Records excerpted from a collection ->

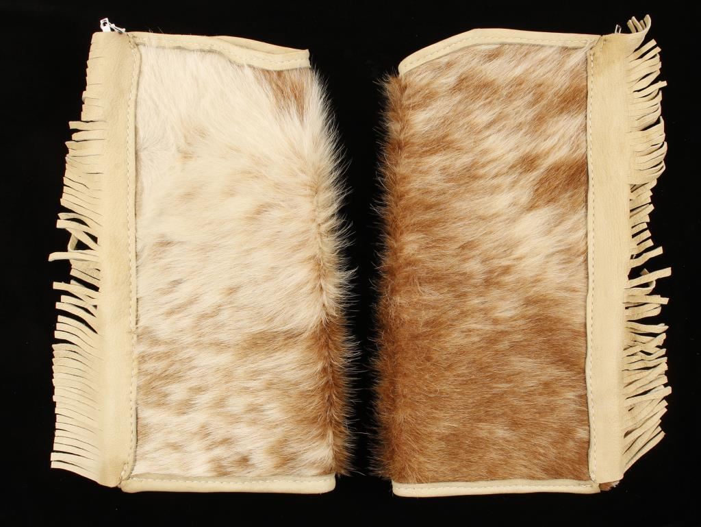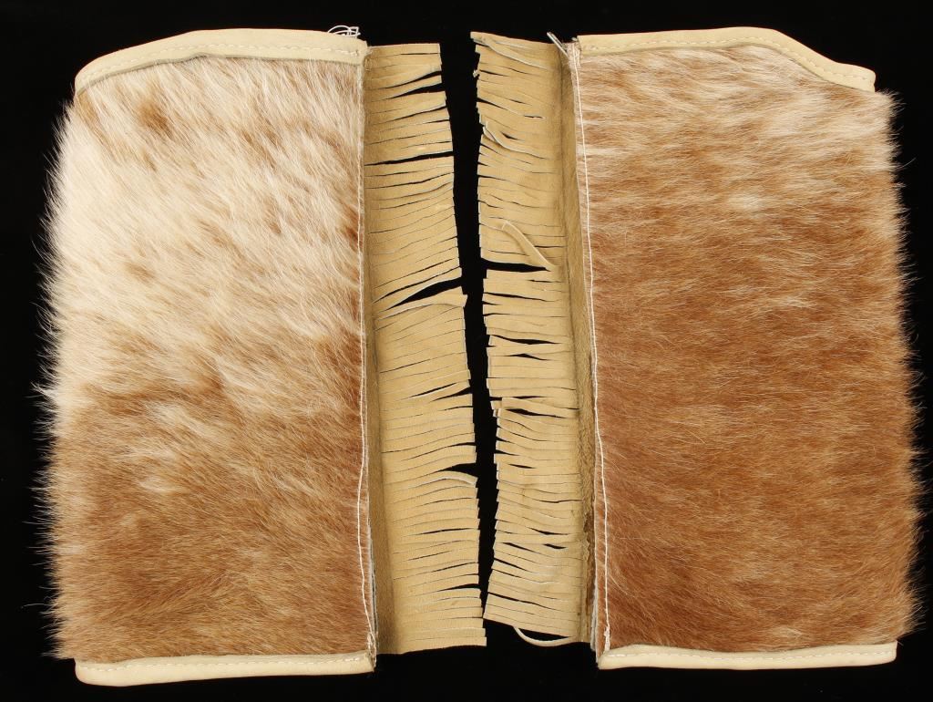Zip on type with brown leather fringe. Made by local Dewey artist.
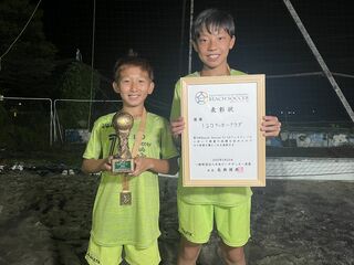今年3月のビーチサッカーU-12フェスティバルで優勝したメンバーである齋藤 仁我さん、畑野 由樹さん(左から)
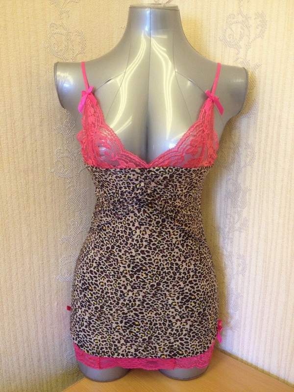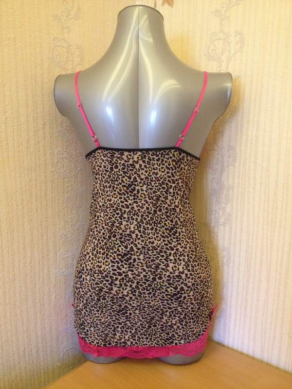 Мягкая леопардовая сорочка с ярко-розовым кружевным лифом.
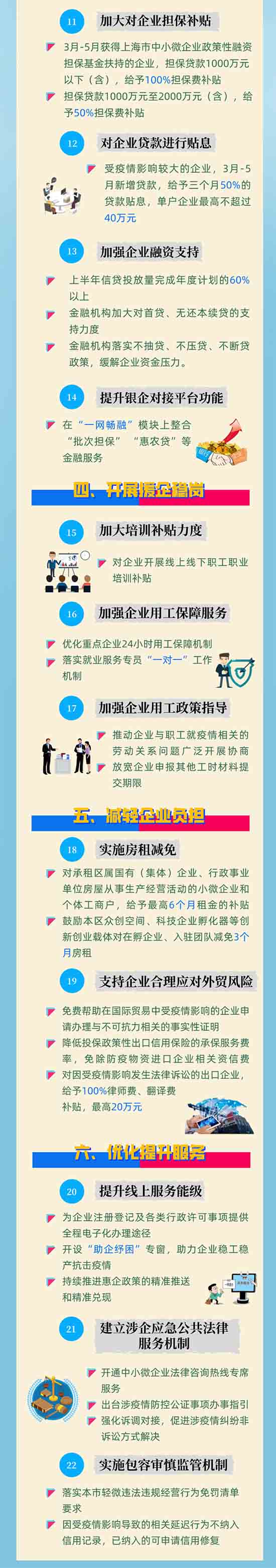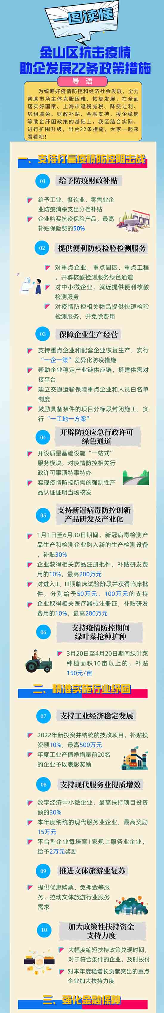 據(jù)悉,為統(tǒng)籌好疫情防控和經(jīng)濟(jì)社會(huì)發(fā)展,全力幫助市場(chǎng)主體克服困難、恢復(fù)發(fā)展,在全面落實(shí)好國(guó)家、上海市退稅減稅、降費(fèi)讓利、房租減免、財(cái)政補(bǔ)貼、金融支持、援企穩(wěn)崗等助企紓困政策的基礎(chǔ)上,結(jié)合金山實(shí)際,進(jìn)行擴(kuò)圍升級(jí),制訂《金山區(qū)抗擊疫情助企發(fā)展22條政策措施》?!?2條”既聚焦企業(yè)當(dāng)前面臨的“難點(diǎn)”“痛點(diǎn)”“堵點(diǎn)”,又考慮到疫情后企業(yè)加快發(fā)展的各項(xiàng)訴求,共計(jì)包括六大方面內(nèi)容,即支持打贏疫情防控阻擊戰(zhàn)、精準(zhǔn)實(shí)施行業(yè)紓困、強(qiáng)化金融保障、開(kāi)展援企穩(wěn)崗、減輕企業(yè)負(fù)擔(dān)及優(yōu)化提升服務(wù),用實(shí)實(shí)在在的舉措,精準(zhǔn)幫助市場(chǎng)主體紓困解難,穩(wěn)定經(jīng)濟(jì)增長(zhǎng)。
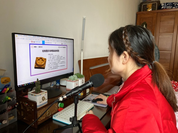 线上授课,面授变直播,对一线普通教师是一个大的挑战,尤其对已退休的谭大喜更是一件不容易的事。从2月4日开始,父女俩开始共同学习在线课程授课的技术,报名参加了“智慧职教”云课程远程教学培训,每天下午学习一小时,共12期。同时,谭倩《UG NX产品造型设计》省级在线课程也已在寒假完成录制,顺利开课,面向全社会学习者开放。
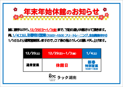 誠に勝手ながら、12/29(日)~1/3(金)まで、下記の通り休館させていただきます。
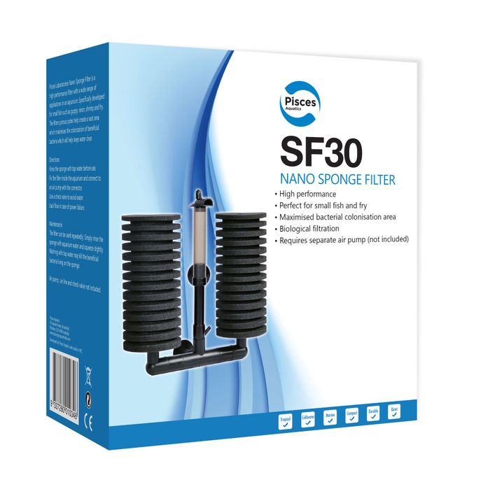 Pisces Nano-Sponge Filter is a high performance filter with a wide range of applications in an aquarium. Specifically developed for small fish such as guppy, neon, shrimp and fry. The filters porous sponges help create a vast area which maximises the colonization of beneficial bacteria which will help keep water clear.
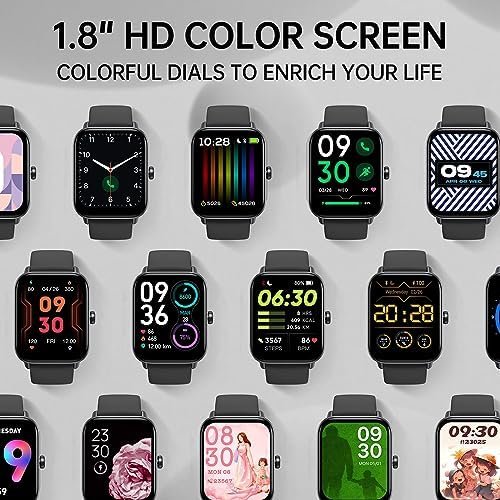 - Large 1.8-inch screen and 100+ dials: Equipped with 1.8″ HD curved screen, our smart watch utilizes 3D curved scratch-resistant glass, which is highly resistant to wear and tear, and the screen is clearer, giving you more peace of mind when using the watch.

The problem ->
Transcribe exactly each line of the records from the start up to and including the one with "Pisces Nano-Sponge Filter", and leave out every picture.

Exercise answer ->
Zip on type with brown leather fringe. Made by local Dewey artist.
今年3月のビーチサッカーU-12フェスティバルで優勝したメンバーである齋藤 仁我さん、畑野 由樹さん(左から)
 Мягкая леопардовая сорочка с ярко-розовым кружевным лифом.
 據(jù)悉,為統(tǒng)籌好疫情防控和經(jīng)濟(jì)社會(huì)發(fā)展,全力幫助市場(chǎng)主體克服困難、恢復(fù)發(fā)展,在全面落實(shí)好國(guó)家、上海市退稅減稅、降費(fèi)讓利、房租減免、財(cái)政補(bǔ)貼、金融支持、援企穩(wěn)崗等助企紓困政策的基礎(chǔ)上,結(jié)合金山實(shí)際,進(jìn)行擴(kuò)圍升級(jí),制訂《金山區(qū)抗擊疫情助企發(fā)展22條政策措施》?!?2條”既聚焦企業(yè)當(dāng)前面臨的“難點(diǎn)”“痛點(diǎn)”“堵點(diǎn)”,又考慮到疫情后企業(yè)加快發(fā)展的各項(xiàng)訴求,共計(jì)包括六大方面內(nèi)容,即支持打贏疫情防控阻擊戰(zhàn)、精準(zhǔn)實(shí)施行業(yè)紓困、強(qiáng)化金融保障、開(kāi)展援企穩(wěn)崗、減輕企業(yè)負(fù)擔(dān)及優(yōu)化提升服務(wù),用實(shí)實(shí)在在的舉措,精準(zhǔn)幫助市場(chǎng)主體紓困解難,穩(wěn)定經(jīng)濟(jì)增長(zhǎng)。
 线上授课,面授变直播,对一线普通教师是一个大的挑战,尤其对已退休的谭大喜更是一件不容易的事。从2月4日开始,父女俩开始共同学习在线课程授课的技术,报名参加了“智慧职教”云课程远程教学培训,每天下午学习一小时,共12期。同时,谭倩《UG NX产品造型设计》省级在线课程也已在寒假完成录制,顺利开课,面向全社会学习者开放。
 誠に勝手ながら、12/29(日)~1/3(金)まで、下記の通り休館させていただきます。
 Pisces Nano-Sponge Filter is a high performance filter with a wide range of applications in an aquarium. Specifically developed for small fish such as guppy, neon, shrimp and fry. The filters porous sponges help create a vast area which maximises the colonization of beneficial bacteria which will help keep water clear.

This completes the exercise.